Pas rond 1500 beïnvloedt de Italiaanse kunst de Europese kunstenaars. Deze tendens is hoofdzakelijk te wijten aan de ontwikkeling van de boekdrukkunst en verspreiding van humanistische ideeën. Ook de rol van de prentkunst kan niet onderschat worden. Met de kennis van de kunst uit Italië neemt ook de interesse voor het erfgoed van de Klassieke Oudheid overal in Europa toe. In de loop van de 16° eeuw zal een studiereis naar Italië voor de meeste kunstenaars uit het noorden een absolute must worden. De nieuwe stijl is geboren. Vooral wereldlijke autoriteiten maken gebruik van de renaissance. Zo laten Franse vorsten paleizen bouwen en verbouwen en nodigen ze Italiaanse architecten en beeldende kunstenaars uit aan het hof. In de Nederlanden en Duitsland speelde het Habsburgse huis een grote rol. De klassieke stijl uit de Romeinse keizertijd is immers uitermate geschikt om de macht en het prestige van het keizerlijke gezag mee uit te drukken. Bovendien zijn een aantal belangrijke Italiaanse Mecenassen, zoals de de Medici uit Florence, vazallen van de Habsburgse Keizer. Door hun onderlinge politieke, militaire en commerciële contacten konden de Noordelijke hoven de artistieke evoluties in Italië op de voet volgen.

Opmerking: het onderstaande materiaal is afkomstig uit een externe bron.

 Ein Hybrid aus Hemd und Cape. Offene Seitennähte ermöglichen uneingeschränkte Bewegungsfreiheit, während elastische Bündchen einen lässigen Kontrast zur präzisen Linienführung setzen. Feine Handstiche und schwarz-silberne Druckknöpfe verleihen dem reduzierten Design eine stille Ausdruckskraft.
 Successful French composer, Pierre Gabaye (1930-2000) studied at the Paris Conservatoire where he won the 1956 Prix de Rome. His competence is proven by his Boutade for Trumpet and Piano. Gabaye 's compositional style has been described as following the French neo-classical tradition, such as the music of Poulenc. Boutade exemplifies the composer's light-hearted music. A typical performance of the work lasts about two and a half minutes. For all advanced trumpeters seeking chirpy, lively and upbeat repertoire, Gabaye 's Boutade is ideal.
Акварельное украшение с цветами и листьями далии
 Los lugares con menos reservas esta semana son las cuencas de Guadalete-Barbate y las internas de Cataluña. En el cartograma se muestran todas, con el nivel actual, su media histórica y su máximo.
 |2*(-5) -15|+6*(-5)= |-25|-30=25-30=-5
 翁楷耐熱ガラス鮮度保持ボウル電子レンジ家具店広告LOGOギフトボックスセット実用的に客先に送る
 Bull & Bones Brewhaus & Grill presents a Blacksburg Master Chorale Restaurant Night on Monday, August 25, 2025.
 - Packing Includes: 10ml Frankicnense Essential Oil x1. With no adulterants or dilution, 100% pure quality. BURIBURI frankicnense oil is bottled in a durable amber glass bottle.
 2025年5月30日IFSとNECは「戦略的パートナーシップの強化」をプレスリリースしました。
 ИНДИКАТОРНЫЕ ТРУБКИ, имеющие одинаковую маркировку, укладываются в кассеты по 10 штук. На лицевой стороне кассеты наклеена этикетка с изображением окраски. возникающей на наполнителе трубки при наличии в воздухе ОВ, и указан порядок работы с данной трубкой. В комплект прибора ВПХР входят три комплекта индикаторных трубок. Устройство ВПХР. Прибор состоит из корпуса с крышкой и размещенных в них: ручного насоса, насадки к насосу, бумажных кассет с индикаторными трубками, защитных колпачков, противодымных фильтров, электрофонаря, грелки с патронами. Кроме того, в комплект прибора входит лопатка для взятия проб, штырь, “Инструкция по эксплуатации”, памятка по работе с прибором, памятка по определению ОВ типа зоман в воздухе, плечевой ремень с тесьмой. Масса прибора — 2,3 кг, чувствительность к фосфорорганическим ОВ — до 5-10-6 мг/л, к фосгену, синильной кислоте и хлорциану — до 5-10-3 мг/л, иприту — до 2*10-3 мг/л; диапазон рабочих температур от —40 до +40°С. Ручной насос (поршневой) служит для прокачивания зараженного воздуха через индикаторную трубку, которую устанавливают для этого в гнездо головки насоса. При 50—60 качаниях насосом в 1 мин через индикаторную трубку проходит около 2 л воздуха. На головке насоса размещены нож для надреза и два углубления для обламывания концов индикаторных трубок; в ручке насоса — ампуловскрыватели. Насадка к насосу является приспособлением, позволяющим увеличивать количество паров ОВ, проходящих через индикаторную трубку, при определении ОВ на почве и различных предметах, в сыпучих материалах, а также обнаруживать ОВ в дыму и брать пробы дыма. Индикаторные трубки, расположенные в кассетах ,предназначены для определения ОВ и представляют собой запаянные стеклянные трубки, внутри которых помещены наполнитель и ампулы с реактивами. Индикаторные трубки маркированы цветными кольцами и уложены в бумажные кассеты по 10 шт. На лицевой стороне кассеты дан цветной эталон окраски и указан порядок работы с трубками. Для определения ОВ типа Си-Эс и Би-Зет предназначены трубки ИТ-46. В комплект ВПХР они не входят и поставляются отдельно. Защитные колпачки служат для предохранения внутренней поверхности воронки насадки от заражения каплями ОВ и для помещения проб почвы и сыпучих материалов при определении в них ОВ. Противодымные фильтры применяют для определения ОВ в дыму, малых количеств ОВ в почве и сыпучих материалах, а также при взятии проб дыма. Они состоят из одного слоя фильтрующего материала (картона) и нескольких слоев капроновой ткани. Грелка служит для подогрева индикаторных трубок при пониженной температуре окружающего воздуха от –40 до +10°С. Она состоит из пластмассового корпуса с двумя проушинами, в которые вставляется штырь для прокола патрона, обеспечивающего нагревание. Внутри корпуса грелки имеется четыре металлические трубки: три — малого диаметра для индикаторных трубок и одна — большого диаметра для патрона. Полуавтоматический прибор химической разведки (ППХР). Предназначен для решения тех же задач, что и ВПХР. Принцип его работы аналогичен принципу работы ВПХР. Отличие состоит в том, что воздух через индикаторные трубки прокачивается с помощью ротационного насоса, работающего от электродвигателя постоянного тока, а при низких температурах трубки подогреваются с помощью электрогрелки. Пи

De introductie van de renaissance in Frankrijk staat los van de andere Noord-Europese landen en wordt gedomineerd door het mecenaat van de Franse koningen, met name Frans I. Vanuit het Franse hof ontwikkelt zich het Franse maniërisme van de School van Fontainebleau. Belangrijke Noord-Europese kunstenaars zijn Albrecht Dürer, Jan Gossaert , Barend van Orley, Cornelis Floris, Hans Vredeman de Vries, Maarten van Heemskerck en Maarten de Vos.